I think people generally recommend just using a black felt tip pen around the edge of the burrs and then run them together until the chirp and then see where the pen is removed. Trouble is this just tells you that the are touching it doesn't solve anything. You need to buy a dial guage so you can test the trueness of both the carrier and then the burr on the carrier. You can usually pick them up cheaply on eBay for under a tenner, or twenty quid including a stand.

Personally I found a second hand one that is specifically for depth measurement which works really well for grinders as it's foot spans across the throat of the grinder so the feeler, which on mine has an adjustable length, can drop down onto the burr/carrier. Testing the top burr I just make a couple of improvised towers out of wooden blocks/books/etc and then stand it over the upturned burr set and take spot reading at 3 opposite places around the circumference.

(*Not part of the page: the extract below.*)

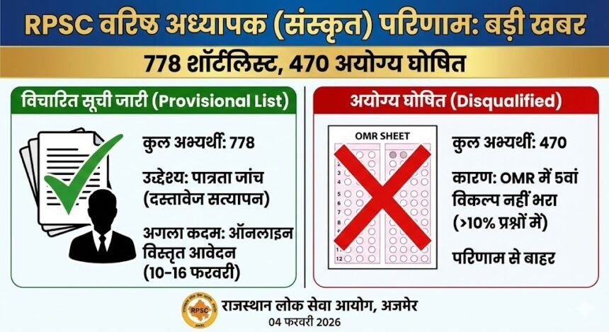 RPSC सीनियर टीचर भर्ती: संस्कृत विषय की प्रोविजनल लिस्ट जारी, 778 अभ्यर्थी शॉर्टलिस्ट; ‘5वां विकल्प’ नहीं भरने वाले 470 कैंडिडेट अयोग्य घोषित
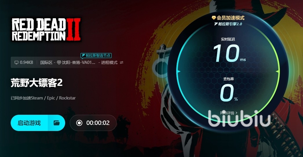 我们在下载好biubiu之后,可以首页搜索荒野大嫖客2即可找到相应的游戏,然后点击一下就能快速开启加速了。加速完成,我们还能实时追踪当前的实时延迟、丢包数据,本地波动次数过多,大家也能第一时间了解。biubiu会根据我们当前所处的地区以及网速来智能匹配节点,帮助我们构建一个专属加速通道,而且它的性价比也是很高的,完全不用担心乱收费的问题。像新用户首次充值的话,基本算下来一天只需要几毛钱就可以了,价格真的很低了。另外,biubiu还拥有专属社区,在这个社区内我们是能够与其他玩家进行互动交流,还能学习大佬们的成长技巧。

Mine looks a little like this one ;


----------



## Dylan (Dec 5, 2011)

You can buy something like this to measure small changes.

Alignment will never be 100% perfect, so the first thing to do is establish if its 'unusual'.

I'm going through this process with my SJ, and I've had all this said to me already









Edit: Marc's gauge dial, which has a bracket to hold it in one position would do a better job than the one I posted


----------



## grumpydaddy (Oct 20, 2014)

I think I have already established that something is unusual in that even if I grind 2 steps from touching, use 18g, try various methods of distribution and tamp to over 30 lbs I still get a pour from the pre-infusion. or 30g in 6-8 secs on the Fracino.

1 step from touching and the grinder chokes.

I will be glad to get the other grinder up and running...... if only to prove a point.


----------



## El carajillo (Mar 16, 2013)

I think you will find the burrs are fine, the problem lies with the lower carrier running out of true, often caused by people "levering" it off with a screwdriver OR running screws through to "jack" it up and turning one screw too much at one time.


----------



## Terranova (Feb 15, 2014)

Got it wrong


----------



## grumpydaddy (Oct 20, 2014)

The Shots are NOT running nice



grumpydaddy said:


> I think I have already established that something is unusual in that *even if I grind 2 steps from touching, use 18g, try various methods of distribution and tamp to over 30 lbs I still get a pour from the pre-infusion. or 30g in 6-8 secs on the Fracino.*


----------



## Terranova (Feb 15, 2014)

Ah, sorry I understood it wrong and read "machine chokes" instead of grinder chokes. Hell yea, take it apart !


----------